To determine the biological relevance of the gain-of-activity mutations, we transformed E. coli with either an empty plasmid or a plasmid encoding YtkR2, C10R5, C10R5 F22T S25G, or C10R5 F22T S25G A40R, and incubated cells on solid medium containing various concentrations of YTM (Fig. 6f and Supplementary Fig. 12). In the absence of YTM, cell growth was unaffected by the protein construct being expressed. In the presence of YTM, YtkR2 provided the greatest resistance, whereas cells containing an empty plasmid were the most sensitive. As in our growth experiments in liquid medium (Fig. 3 and Supplementary Fig. 3), wild-type C10R5 provided little to no resistance to YTM (Fig. 6f and Supplementary Fig. 12). The C10R5 double mutant, however, provided clear resistance, albeit less than YtkR2. Consistent with our YTM-Ade excision assays (Fig. 6d, e), the C10R5 triple mutant provided less resistance than the double mutant, and only arguably provided more resistance than wild-type C10R5 (Fig. 6f and Supplementary Fig. 12). These relatively modest increases in YTM resistance may be limited by a number of factors, including potentially reduced expression and/or solubility of the mutant proteins. Regardless, these cellular results validate our structural and biochemical conclusions, showing homology-based mutations that likely only eliminate steric clashes between C10R5 and YTM—without introducing specific adduct-binding interactions—are able to increase the YTM resistance conferred by C10R5.

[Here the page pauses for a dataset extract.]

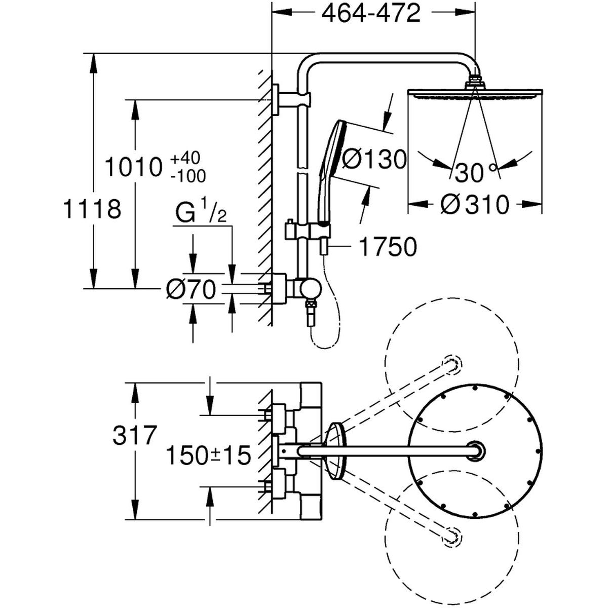 Grohe Rainshower Duschset Wandmontage mit Thermostat mit Regenbrause StarLight Chrom 27968001

In our experiments, YtkR2 and C10R5 provided the greatest cellular resistance to YTM and CC-1065 toxicity, respectively, consistent with evolution of these proteins within the context of the biosynthetic gene cluster for each natural product. Both enzymes also conferred substantial resistance against DSA, even though DSA differs from YTM and CC-1065 in the substituents present on the S+1 subunit. YtkR2 also provided significant resistance against CC-1065, which was somewhat unexpected because of the presence of the unique S+2 subunit, and suggests that interactions with this subunit do not play an important role in determining substrate specificity. Indeed, the outward face of the S+2 subunit is largely solvent exposed and has the fewest protein contacts of any subunit. In contrast, the S−1 subunit unique to YTM makes several direct protein contacts, which we show largely account for the weak YTM-Ade excision activity of C10R5. Interestingly, the S−1 binding surface is formed predominantly from helix αB, which is a critical DNA-binding element within the AlkD family of enzymes57 and whose structural variability among HLR glycosylases enables binding to a diverse array of ligands44,59. Steric accommodation of the S−1 subunit is the only determinant of substrate specificity that we were able to identify through our comparative analysis. Within the largely water-filled adduct-binding cleft, most hydrogen bonds are mediated by a network of water molecules, which creates a seemingly malleable hydrogen-bonding interface able to accommodate different substituents on the S0 and S+1 subunits. Similarly, most of the protein residues that directly contact the adducts form a network of CH-π interactions that is only selective for aromatic groups, which are present in all of the indole and pyrroloindole subunits in all of the SCPCHD adducts. This mode of substrate recognition seems largely incompatible with a high degree of substrate specificity, which is consistent with our experimental observations.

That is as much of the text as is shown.